# Question about sharpening/shaping scraping inserts.



## kdtop (Feb 7, 2021)

Hey all,

I am wanting to venture into the world of scraping.  I have watched many videos about it and am ready to try -- but as a hobbyist am not yet ready to invest the amount needed for Richard King's class (though I would love to).   I purchased a Sandvik hand scraper that came with a carbide insert, but it doesn't seem the correct radius.

I read elsewhere Richard King posting that he recommends approximately "coffee can" radius for roughing and "soup can" radius for finishing.    My current insert seems more like "dinner plate" radius.

Questions:

Do most Sandvik (or other manufacturer) inserts come with a large radius, with the understanding that the user will grind them to desired shape?
I don't have access to a diamond lap, but I do have access to a pedestal grinder with a green wheel designed for sharpening carbide bits.  Is this usable?  Can a whetstone hone a carbide tool after use?
Is there supposed to be a rake on the cutting surface, or would it be formed with 90 degree face?
Thanks in advance.

Kevin


----------



## Nutfarmer (Feb 7, 2021)

You can grinder the bit with a green stone, but a diamond hand lap is the minimum needed to finish the cutting edge. It is a lot of work to hand finish, thus the slow power laps people use. lap until there is a mirror finish on the cutting edge. Grid the bit so the included edge is about 85 degrees included angle or -5 degrees cutting edge. This will leave two cutting edges. Don't scimp on the lapping or the cutting edge will leave lots of scratches . I am sure Richard King can explain it better.


----------



## kdtop (Feb 8, 2021)

Nutfarmer said:


> You can grinder the bit with a green stone, but a diamond hand lap is the minimum needed to finish the cutting edge. It is a lot of work to hand finish, thus the slow power laps people use. lap until there is a mirror finish on the cutting edge. Grid the bit so the included edge is about 85 degrees included angle or -5 degrees cutting edge. This will leave two cutting edges. Don't scimp on the lapping or the cutting edge will leave lots of scratches . I am sure Richard King can explain it better.

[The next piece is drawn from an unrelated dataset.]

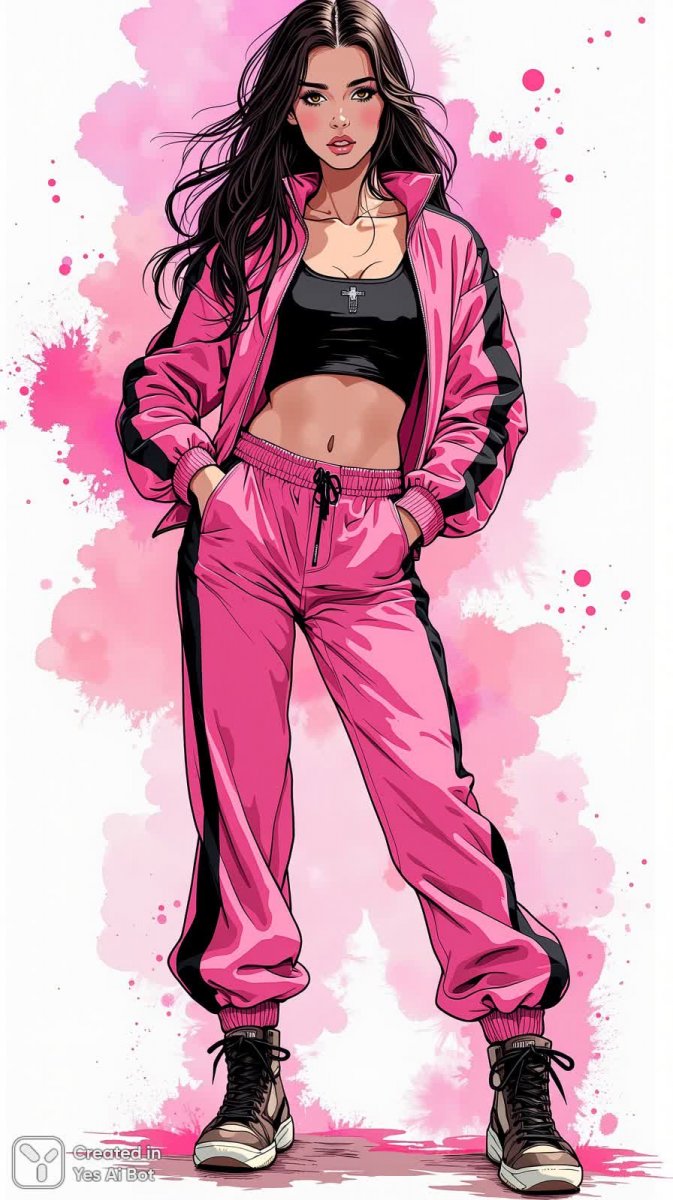 illustration, ink drawing, fashion model, neon colors posing in full body shot, pink and black tracksuit with high waist, energetic and edgy atmosphere, long dark hair styled in loose waves.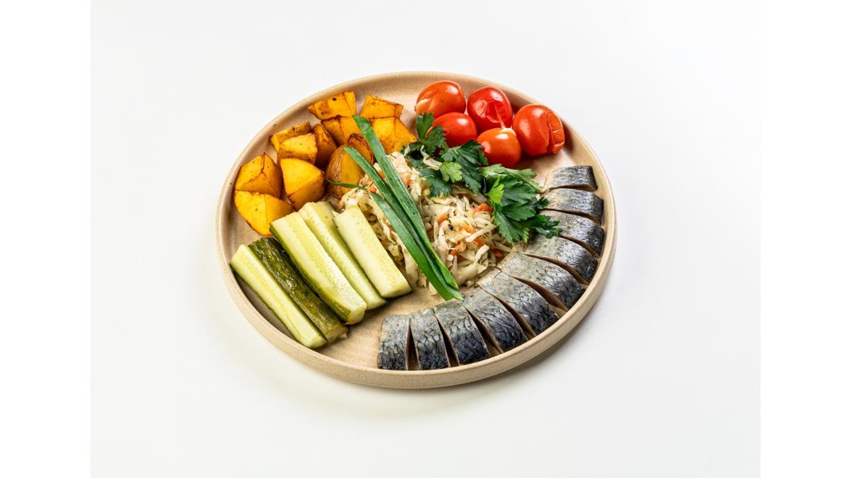 Cold-smoked beef, tongue Beef, pickled cucumbers, fried mushrooms, mayonnaise dressing, marinated cherry tomatoes

Thanks for this reply.  Dumb question about the rake:  With a 5 degree rake, one corner will be sharper (more acute) than the other.  Is this sharper corner supposed to be oriented downward, i.e. the cutting edge in contact with the work? (I'm thinking this is correct)  Or does it go upward?   Thanks again.

Kevin


----------



## Cadillac (Feb 8, 2021)

That -5* degree angle would be ground on the top and the bottom. So that you would have two cutting edges per side 4 total.


----------



## kdtop (Feb 8, 2021)

I'm sorry to be dense, but I still don't understand.  Are you saying that the face would be ground as below?  If so, how would one achieve this??

-----------------------       85 degrees (5 degrees from vertical)
....................../
...................../
..................../
....................\
.....................\
......................\
------------------------      85 degrees  (5 degrees from vertical)

Thanks
Kevin

EDIT: After posting this, I'm guessing it is supposed to be as below. I have a hard time remembering what a (+) vs a (-) rake angle refers to.    But if it is as below, it seems that an obtuse angle (> 90 degrees) would cut less well than an acute angle (<90 degrees.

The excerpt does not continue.